Invoice templates for property photographers covering interior and exterior shoots, virtual tours, drone photography, and floor plan production.
A real estate photographer invoice records fees for photographing properties for sale, rent, or commercial marketing. UK property photography is commissioned by estate agents, property developers, holiday let operators, short-term rental hosts, and commercial property managers. Professional photography is widely recognised as one of the most cost-effective ways to attract buyer or tenant interest online. Property photographers typically charge a flat fee per property or a package rate that includes a set number of images, a floor plan, and sometimes a virtual tour. Add-ons such as drone photography, twilight shots, and video walkthroughs command higher fees. Photographers working on commercial properties or for developers may be commissioned for large multi-unit projects with a per-unit rate. Clear, itemised invoices help estate agents track photography costs across their managed properties.
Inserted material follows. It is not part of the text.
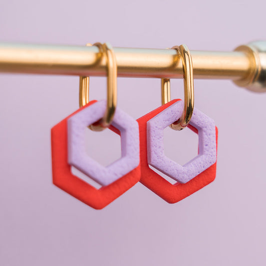 Creolen "Hexa Bold" in Flieder & Klatschmohnrot - Hexagon
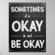 ÀS VEZES, NÃO SE IMPORTA QUE NÃO ESTEJA TUDO BEM. Um poster excelente para se manter em um escritório de orientação escolar, terapeuta infantil ou psicólogo infantil para lembrar crianças, adolescentes ou adultos que eles são seguros e que às vezes é bom não se sentir bem e pedir ajuda. Uma moda e na moda para decorar o conselheiro ou o escritório da assistente social! Apresenta a tipografia do excelente em um fundo de quadro negro.

| Service | Typical Rate | Unit |
|---|---|---|
| Standard property photography (up to 20 edited images) | 120 | property |
| Premium photography package (40 images + floor plan) | 220 | property |
| Virtual tour (Matterport 3D scan) | 180 | property |
| Drone / aerial photography | 150 | property |
| Twilight / dusk shoot | 180 | property |
| Video walkthrough (edited, 2 minutes) | 250 | property |
| Floor plan (2D, included editing) | 60 | property |
Real estate photographers working with estate agents often operate on a 7–14 day payment account basis. Issue invoices immediately after delivering the edited images — speed of delivery and invoicing are both key to maintaining a good reputation with agents. For private vendors, full or majority payment in advance is appropriate as they are one-time clients. Online payment by card simplifies the transaction. For large development projects (multiple units), negotiate a per-unit rate with a volume discount and invoice at practical completion of each building or phase. Include the property address for each unit on the invoice to help the developer reconcile against their project records.